Aims and Objectives: SAACY+3 expands on the research, impact and training enabled by SAACY, seeking to consolidate the PI’s position as a leading researcher in the health humanities with specialism in dementia and ageing, while focusing resources on maximizing SAACY’s potential to achieve attitudinal changes to ageing. It has three objectives:
O+31. to pioneer a model for how humanities-led research (archival and co-produced) can inform policy and practice, especially attitudinal change to ageing at midlife, through working with creative industries. SAACY+3 seeks to maximize SAACY’s impact to achieve attitudinal changes to ageing by targeting people aged 40 to 65. The main conduit for this will be the production, distribution and impact campaign of a not-for-profit feature film based on SAACY research.
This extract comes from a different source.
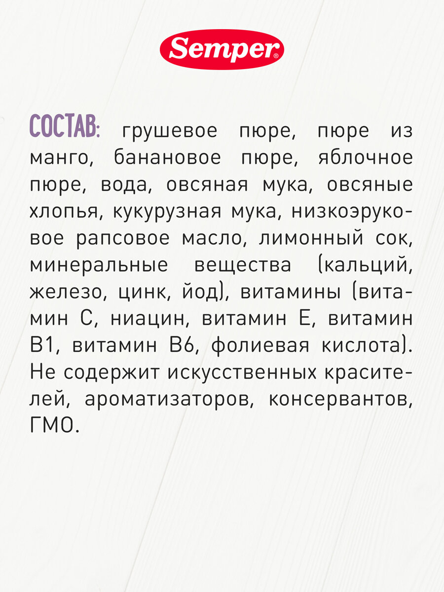 | Состав | грушевое пюре, пюре из манго, банановое пюре, яблочное пюре, вода, овсяная мука, овсяные хлопья, кукурузная мука, низкоэруковое рапсовое масло, лимонный сок, минеральные вещества (кальций, железо, цинк, йод), витамины (витамин С, ниацин, витамин Е, витамин В1, витамин В6, фолиевая кислота) |

O+32. to explore non-mainstream narratives about ageing in ways that challenge decline and successful ageing narratives alike. This new research will lead to a generally accessible short book, ‘Fixing How We View Ageing’, targeted at general readers and health and social care policy makers, as its messages chime with major national and international agendas on healthy ageing.
O+33. to investigate the divides between approaches to ageing and dementia of the life/medical sciences as compared to the social sciences and humanities; to formulate a funding bid for a project on the myths and realities of the two-culture split that harnesses the PI’s expertise of working across disciplines and leads by developing science literacy in the academy and beyond.
Potential applications and benefits: Resonating with the World Health Organisation Decade of Healthy Ageing baseline report, that healthy ageing will only be achieved if we ‘change how we think, feel and act towards age and ageing’, SAACY has already taken significant steps towards informing practices and policy development. A shift in attitudinal change to ageing especially at midlife would have far-reaching implications for how we retire, treat and care for older people, fund research and care, and understand intergenerational relations. SAACY+3 will contribute to the conversation about how we can live healthier and happier lives even as we age.